19

I understand the proof that $$Var(aX+bY) = a^2Var(X) +b^2Var(Y) + 2abCov(X,Y), $$ but I don't understand how to prove the generalization to arbitrary linear combinations.

Let $a_i$ be scalars for $i\in {1,\dots ,n}$ so we have a vector $\underline a$, and $\underline X = X_i,\dots ,X_n$ be a vector of correlated random variables. Then $$ Var(a_1X_1 + \dots +a_nX_n) = \sum_{i=1}^n a_i^2 \sigma_i^2 + 2 \sum_{i=1}^n \sum_{j>i}^n a_i a_j \text{ Cov}(X_i,X_j)$$ How do we prove this?

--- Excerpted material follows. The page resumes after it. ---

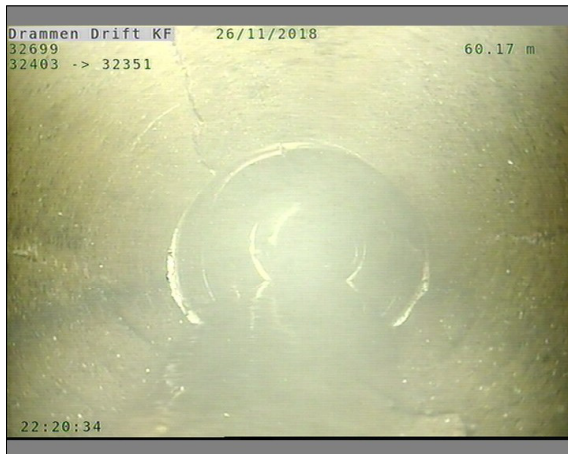
Foto: L32699_32403_32351_26112018_1_17_60,172_D.JPG, 00:20:51 60,17m, Sprukket rør, Rørbiter har løsnet eller mangler/teglstein mangler fra sin opprinnlige posisjon, fra 12 til 12 Kl., Kompleks, Start

I imagine there are proofs in the summation notation and in vector notation.

utobi
  • 11,726
Hatshepsut
  • 1,699

5 Answers5

28

This is just an exercise in applying basic properties of sums, the linearity of expectation, and definitions of variance and covariance

\begin{align} \operatorname{var}\left(\sum_{i=1}^n a_i X_i\right) &= E\left[\left(\sum_{i=1}^n a_i X_i\right)^2\right] - \left(E\left[\sum_{i=1}^n a_i X_i\right]\right)^2 &\scriptstyle{\text{one definition of variance}}\\ &= E\left[\sum_{i=1}^n\sum_{j=1}^n a_i a_j X_iX_j\right] - \left(E\left[\sum_{i=1}^n a_i X_i\right]\right)^2 &\scriptstyle{\text{basic properties of sums}}\\ &= \sum_{i=1}^n\sum_{j=1}^n a_i a_j E[X_iX_j] - \left(\sum_{i=1}^n a_i E[X_i]\right)^2 &\scriptstyle{\text{linearity of expectation}}\\ &= \sum_{i=1}^n\sum_{j=1}^n a_i a_j E[X_iX_j] - \sum_{i=1}^n \sum_{j=1}^n a_ia_j E[X_i]E[X_j] &\scriptstyle{\text{basic properties of sums}}\\ &= \sum_{i=1}^n\sum_{j=1}^n a_i a_j \left(E[X_iX_j] - E[X_i]E[X_j]\right)&\scriptstyle{\text{combine the sums}}\\ &= \sum_{i=1}^n\sum_{j=1}^n a_i a_j\operatorname{cov}(X_i,X_j) &\scriptstyle{\text{apply a definition of covariance}}\\ &= \sum_{i=1}^n a_i^2\operatorname{var}(X_i) + 2\sum_{i=1}^n \sum_{j\colon j > i}^n a_ia_j\operatorname{cov}(X_i,X_j) &\scriptstyle{\text{re-arrange sum}}\\ \end{align} Note that in that last step, we have also identified $\operatorname{cov}(X_i,X_i)$ as the variance $\operatorname{var}(X_i)$.

Dilip Sarwate
  • 46,658
9

You can actually do it by recursion without using matrices:

Take the result for $\text{Var}(a_1X_1+Y_1)$ and let $Y_1=a_2X_2+Y_2$.

$\text{Var}(a_1X_1+Y_1)$

$\qquad=a_1^2\text{Var}(X_1)+2a_1\text{Cov}(X_1,Y_1)+\text{Var}(Y_1)$

$\qquad=a_1^2\text{Var}(X_1)+2a_1\text{Cov}(X_1,a_2X_2+Y_2)+\text{Var}(a_2X_2+Y_2)$

$\qquad=a_1^2\text{Var}(X_1)+2a_1a_2\text{Cov}(X_1,X_2)+2a_1\text{Cov}(X_1,Y_2)+\text{Var}(a_2X_2+Y_2)$

Then keep substituting $Y_{i-1}=a_iX_i+Y_i$ and using the same basic results, then at the last step use $Y_{n-1}=a_nX_n$

With vectors (so the result must be scalar):

$\text{Var}(a'\,X)=a'\,\text{Var}(X)\,a$

Or with a matrix (the result will be a variance-covariance matrix):

$\text{Var}(A\,X)=A\,\text{Var}(X)\,A'$

This has the advantage of giving covariances of the various linear combinations whose coefficients are the rows of $A$ on the off-diagonal elements in the result.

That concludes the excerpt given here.